Which open models are actually good at agentic coding?

hok@lemmy.dbzer0.com · 5 days ago

Which open models are actually good at agentic coding?

SuspciousCarrot78@lemmy.world · edit-2 1 day ago

For “fun”, I’ve been using Qwen3.6 27B, Gpt 5.4 mini and Claude to audit (one file at a time) my code. The workflow is

I flag issues
Claude writes the probe spec
Qwen Audits (OR via Roo)
GPT Audits (OR via Roo)
I review
Claude and I consolidate the bug reports
We run that past GPT in Codex
It tests / replicates it against code base
I review the output
Claude and I prioritise what needs fixing, what can be deferred and what can be ignored
I / we create the ticket with staged gates
GPT spins up a sandbox
Run gate 1
Fix bug 1
Smoke test against sandboxed
I review and discuss
Iterate
Again
Smoke test passes or we pivot to diff fix.
Once happy, back port and snap shot
Update ticket index and ticket itself with what we did, what worked, what was out of scope
Exfil new code to main, manually test again.
if all good, back up, archive (3-2-1).

Its been my experience (so far) that Qwen 3.6 27B is very capable in uncovering bugs, sometimes finding issues the others miss. Paradoxically, it’s not much cheaper to call via OR that GPT because it tends to skew verbose.

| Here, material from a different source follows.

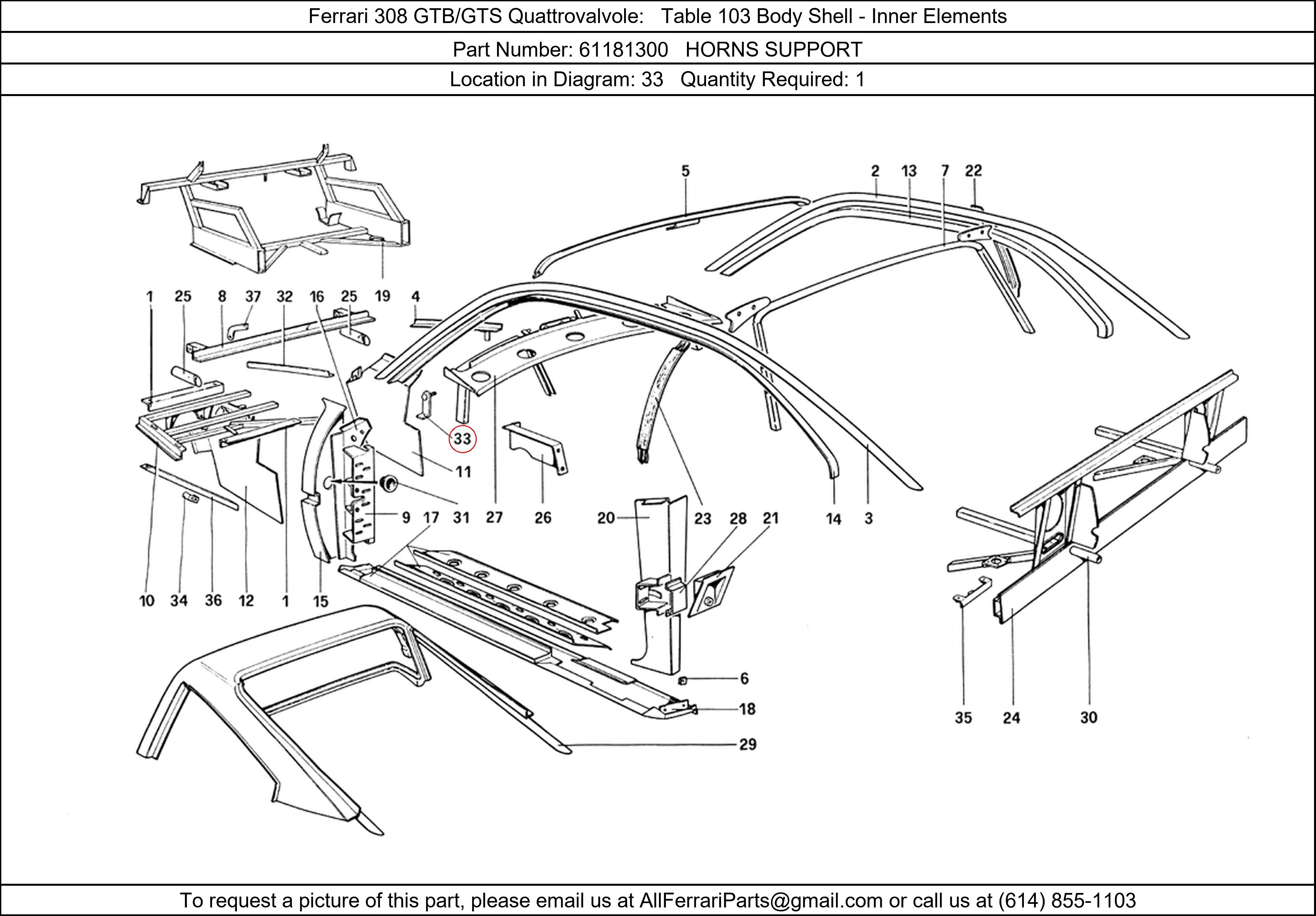 Ferrari Part Number 61181300, HORNS SUPPORT shown here as used in Ferrari 308 GTB/GTS Quattrovalvole Table 103 Body Shell - Inner Elements. Location in Diagram: 33. Required Quantity: 1
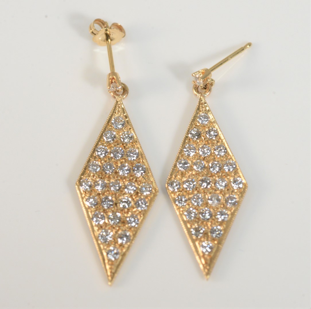each with triangular, 14 karat gold, mounted with twenty-five diamonds

I may trial the 27B as the “hands” for a run or 2 (Qwen 3.6 35B has been unreliable for me via OR) to see how it does. Tight leash.

PS: This approach may be …overkill. I’m not a great code monkey, but I’m pretty decent at engineering, QA, and project management. I’m leveraging my skills, and this flow may not suit you. So, YMMV.